可以说,中国白酒这些年的迅猛发展,与政策环境给予的市场自由度有深刻关系。也正因为如此,每每出现政策转向都会引发行业波动,除了前面说的反腐,这些年历次税政调整影响也是一个清晰的例证。
为什么说已经开放了近四十年的酒类市场,在中国仍然存在一定的专卖可能性呢?其实,大家只要看看专卖制能带来的几大“好处”就不难明白。
第一,可与烟草媲美的产业利润,能使国家财政收入大幅增加。
第二,可以高效率的调控生产与价格,规避原料、环境和供需失衡等不可控影响。
第三,降低酒精在物质属性和消费属性上具备的负面局限性,以及可能带来的产业安全和社会安全问题。
纵观那些国家对酒实施的专卖、监管和限制,无不以上述三点为立法的口实。还有一点需要注意,历史上酒制走向严苛往往是在社会发展阶段遇到重大困难的时刻,比如自然灾害或者战争,当然也包括经济危机,美国那次长达十年、至今不能愈合的禁酒创伤,就是发端于一战后不久开始的大萧条时代。

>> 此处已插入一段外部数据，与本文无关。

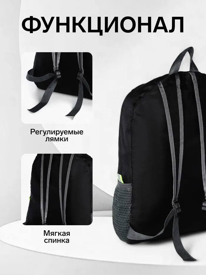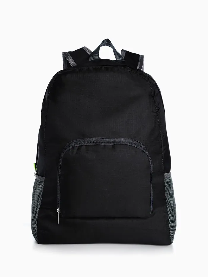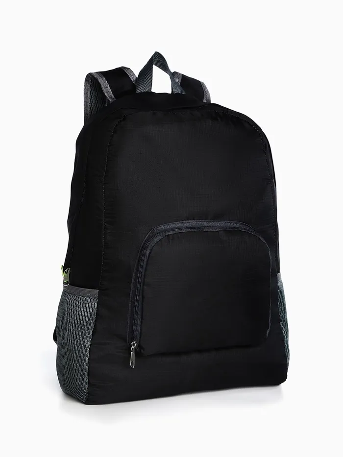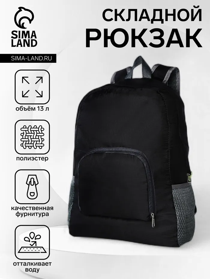 Рюкзак складной на молнии, 3 наружных кармана, цвет чёрный — Характеристики
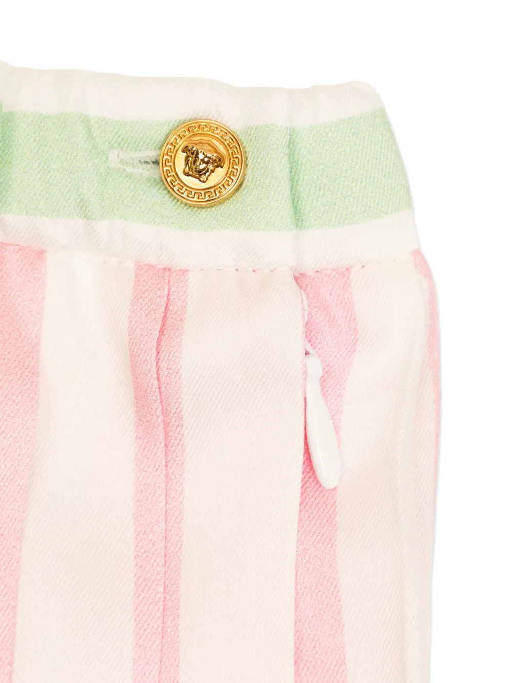 Светло-розовая застежка на пуговицы и молнию сбоку, вертикальный полосатый принт, эластичный пояс

在这篇这些怕会让同行见之发厌、危言耸听的文章最后,我有些不知道怎么结尾,于是把任务交给了Deepseek,它是这样说的:面对三只灰犀牛的潜在威胁,白酒行业须以创新驱动、政策敏感与战略定力化解危机,方能在变局中行稳致远。
言之有理。
来源 | 糖酒快讯(ID:tjkx99)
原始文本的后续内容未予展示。